= Hybridization in perennial plants =

Hybridization, when new offspring arise from crosses between individuals of the same or different species, results in the assemblage of diverse genetic material and can act as a stimulus for evolution. Hybrid species are often more vigorous than and often do not evenly blend the phenotypes of their parents. There are primarily two different forms of hybridization: natural hybridization in an uncontrolled environment, whereas artificial hybridization (or breeding) occurs primarily for agricultural purposes.

== Types ==
There are mainly two types of hybridization: interspecific and intraspecific. Interspecific hybridization is the mating process between two different species. Intraspecific hybridization is the mating process within the species, often between genetically distinct lineages. Hybridization sometimes results in introgression, which can occur in response to habitat disturbance that puts plant species into contact with each other. Introgression is gene transfer among taxa and is a result of hybridization, followed by repeated backcrossing with parental individuals. Introgressive hybridization occurs often in plants, and results in increased genetic variation, which can facilitate rapid response to climate change.

== Hybridization in perennial plant systems ==
Hybridization is considered to be an evolutionary catalyst capable of generating novel genotypes or phenotypes in a single generation. It can also happen with morphologically dissimilar but closely related species (Example: Helianthus giganteus, the giant sunflower).

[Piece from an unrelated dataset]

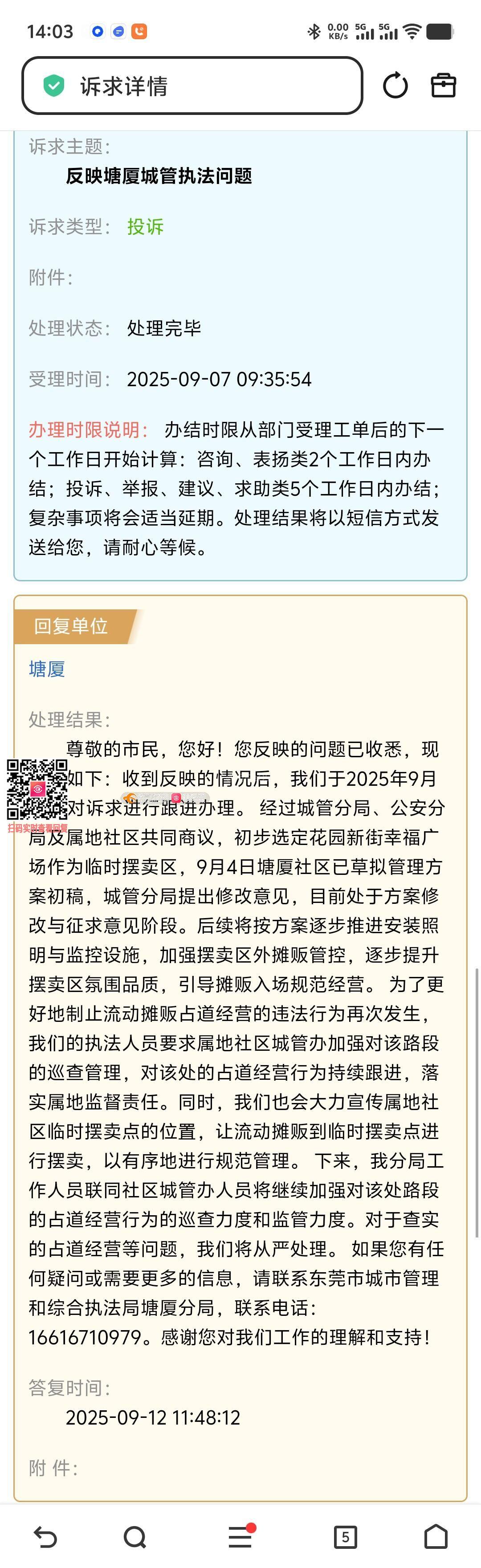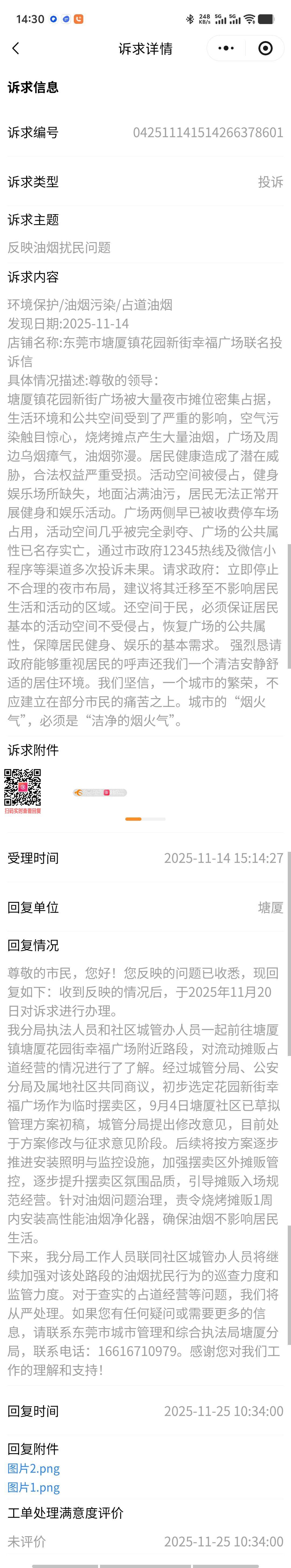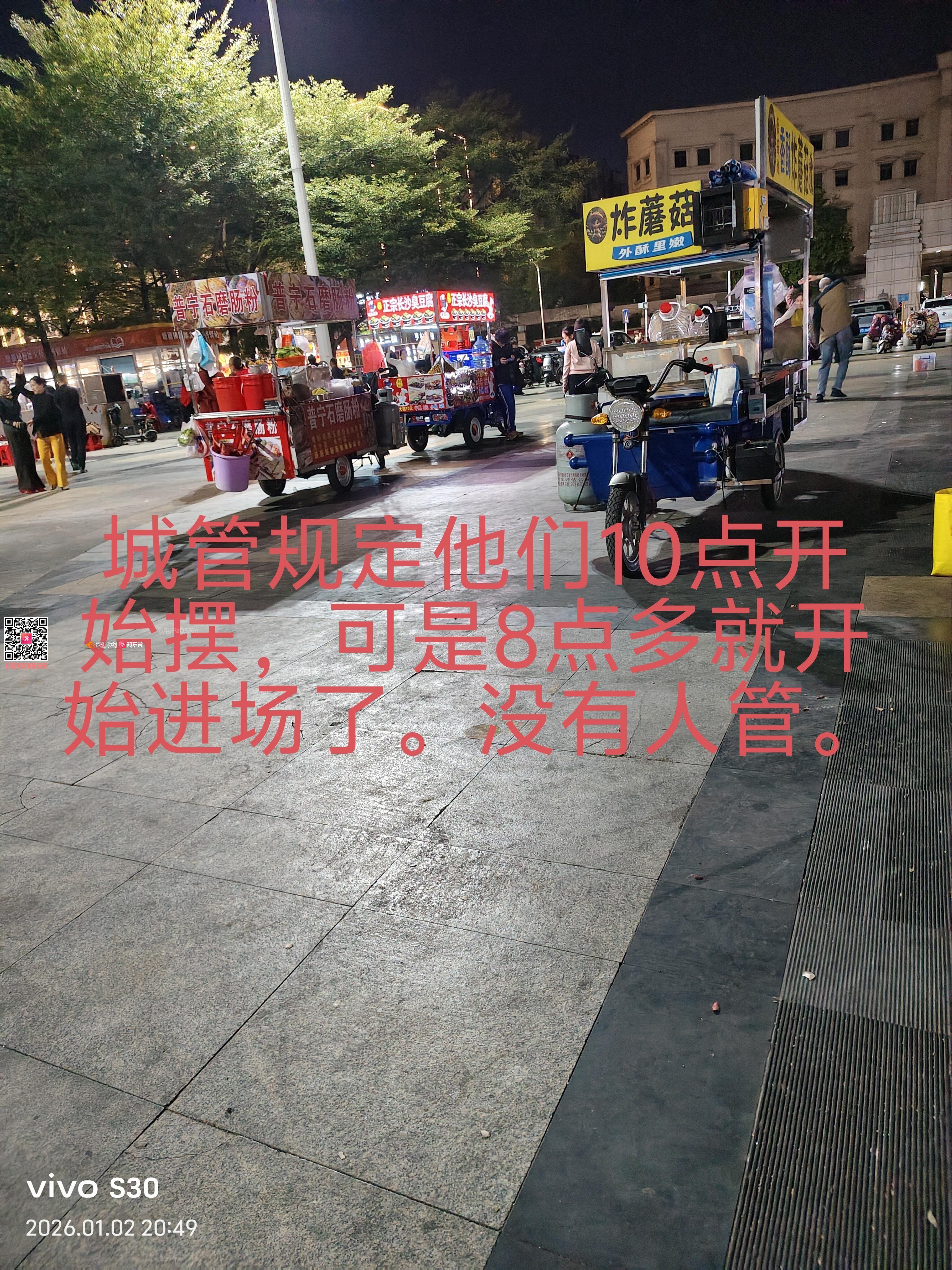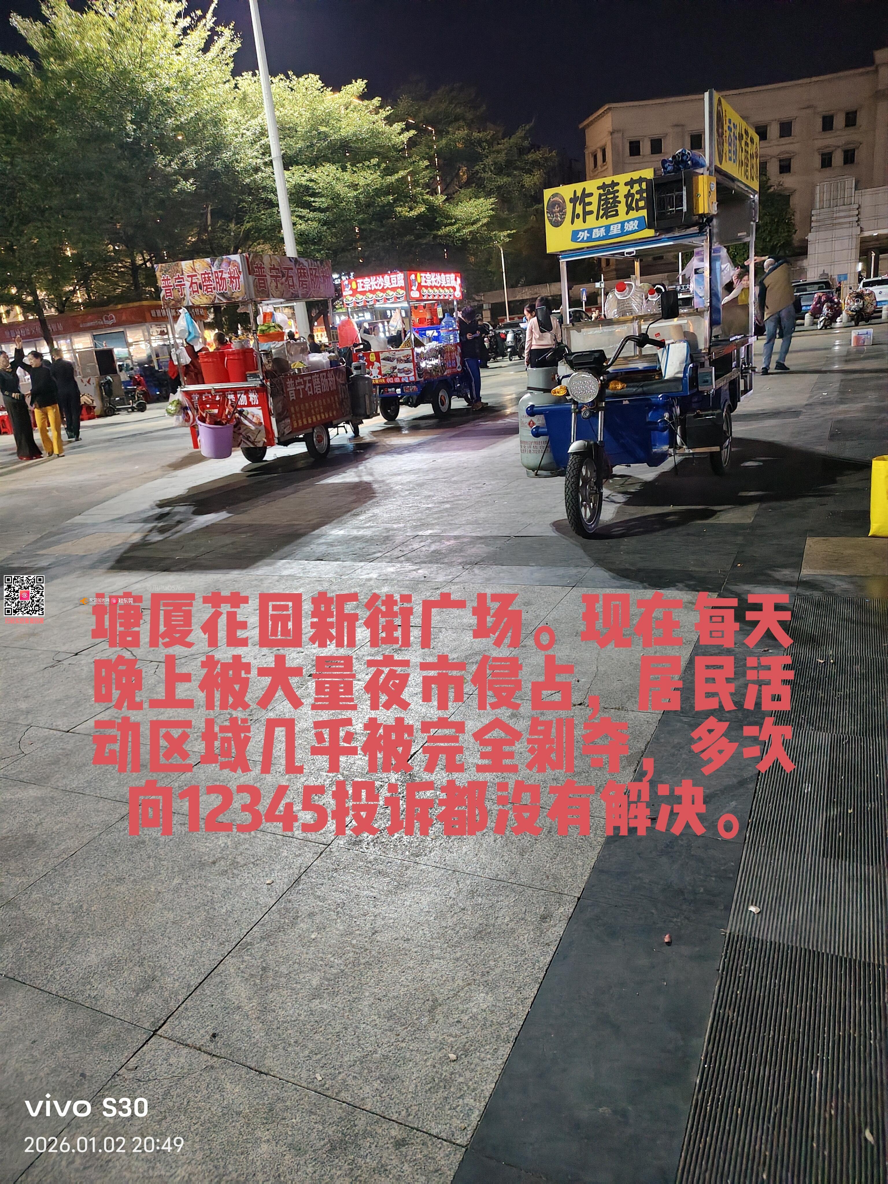 塘厦镇花园新街广场(位于东莞市第三人民法院正对面的广场)该广场夜市对周边居民的正常生活与健康造成了极大困扰,且经多次投诉仍未得到有效解决 违规提前占道经营:该夜市虽经批准,但明确规定应在晚上10点后开始。然而,实际情况是,每天傍晚约8点多,大量摊贩便提前涌入广场,占用全部公共空间,导致广场原有的居民休闲、健身功能完全丧失。 严重的油烟污染:油烟弥漫至周边居民楼内,这不仅污染空气,更对居民(尤其是有老人、儿童的家庭)的呼吸道健康构成直接威胁,违反了《中华人民共和国大气污染防治法》中关于防治油烟污染的规定。 经营期间噪音不断,收摊后留下满地油污和垃圾,破坏市容环境卫生。 多人已通过东莞市12345政府服务热线进行了多次投诉。城管部门都是机械式的回应,不仅没有解决治,摊贩更加肆无忌惮。当前局面反映了相关管理部门审批是否合理? 在居民密集区的核心公共广场设置产生大量油烟的夜市,其审批过程是否进行了充分的环境影响评估和民意征求? 监管是否到位? 摊贩长期、公然违反规定时间经营、以及显而易见的油烟直排污染行为,是否存在监管不作为、慢作为? 强烈恳请并督促相关部门: 立即进行现场核查与整顿:对该广场夜市进行联合执法,坚决取缔晚10点前的违规占道经营行为。 重新评估夜市设置:建议就该夜市设置的合理性、经营时间、区域范围及环保要求举行听证会或公开征求周边居民意见 根据《城市市容和环境卫生管理条例》及相关地方规定,城管部门批准临时占道、场地使用,必须以确保不干扰周边居民正常生活、不污染环境为前提。2. 关于“油烟污染”的明确禁止:《中华人民共和国大气污染防治法》第八十一条有明确规定, 总之,“城管批准”并不等于拥有了免罪金牌。当批准事项的实施后果触及了环境保护、公共卫生等法律红线,并严重侵害了公民合法权益时,该批准行为本身就可能违法,相关政府部门有责任予以纠正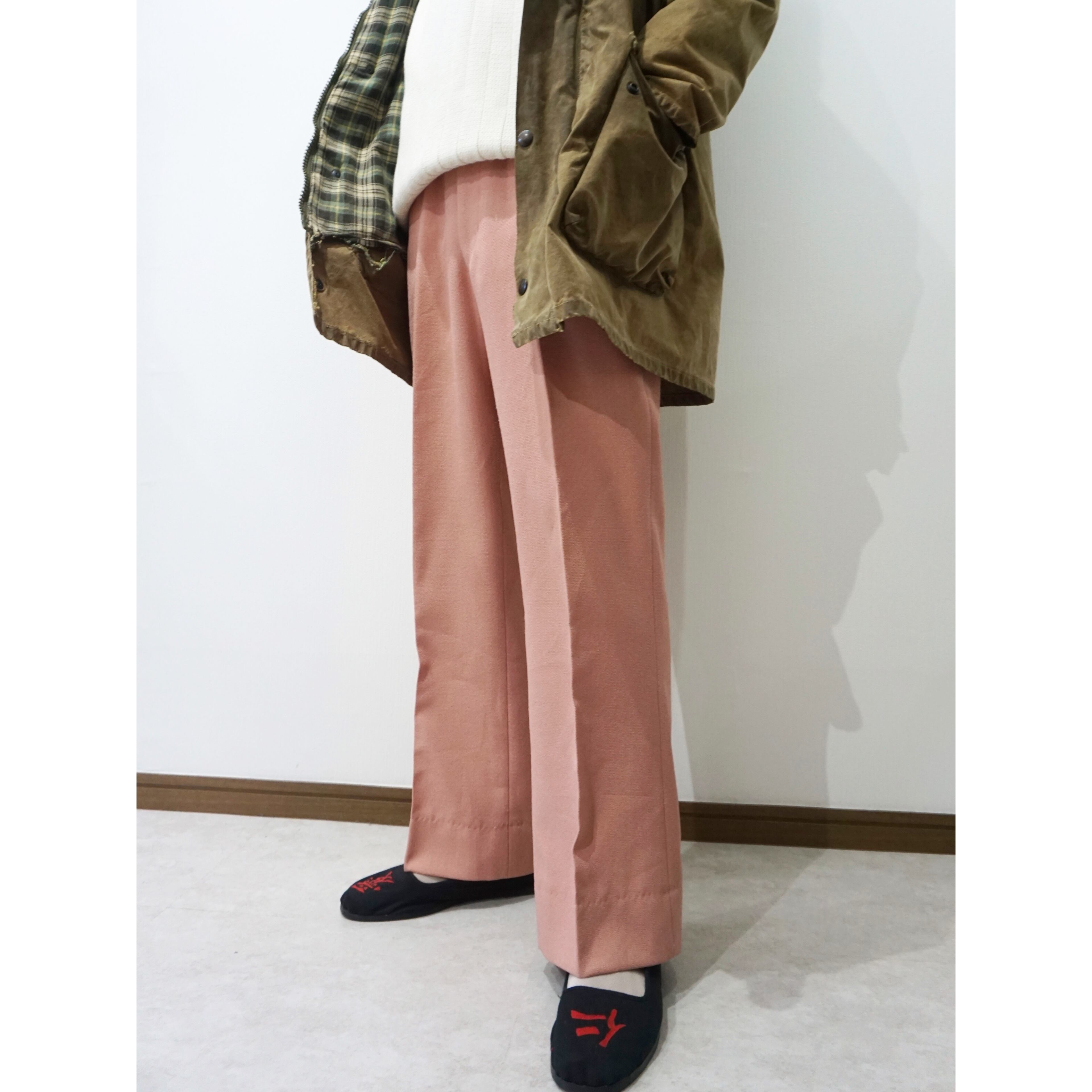 1970年代頃のサーモンピンクカラーのフレアパンツ。ジッパーはTALON。

In plants, hybridization mostly generates speciation events, and commonly produces polyploid species. Factors like polyploidy events also plays significant factors for understanding the hybridization events (Example: an F1 hybrid of Jatropha curcas x Ricinus communis), because these polyploids tend to have an advantage for the early stages of adaptation due to their expanded genomes. As a result, hybridization can be a powerful driver for improving agricultural crops, but can also facilitate unwanted species invasions (e.g., annual sunflower).

While hybridization in perennial plants can occur naturally, for example as the result of cross breeding with wild type relatives near agricultural fields, intentional hybridization in perennial crops has also been of recent interest in agriculture. While Hybridization and breeding methods have produced successful crop species, declining yield is a major challenge. Thus, further research is needed for leveraging hybridization in perennial crop systems to produce sustainable and high yielding crops. Some methods that are currently being explored include applying modern genotyping, phenotyping, and speed breeding techniques. When crosses in the laboratory are difficult, researchers can study hybrid zones that arise naturally in the field.

For efforts to leverage hybridization to improve perennial crops to be successful, there need to be continued efforts toward building a broad collection of crop wild relatives, genomic sequencing of related species, creating and phenotyping desired hybrid populations, and developing a network for genotype and phenotype associations and locate phenotype into crop breeding pipelines. Hybridization among perennials is also of interest because they may hybridize naturally or artificially with annual crops. For one of the most dietarily and economically significant examples, Dewey 1984 finds that a perennial Agropyron has hybridized with hexaploid wheat. Dewey finds an ancient hybridization event contributed significantly to the modern hexaploid multi-genome and as with all other currently grown Triticeae crops, wheat is an annual.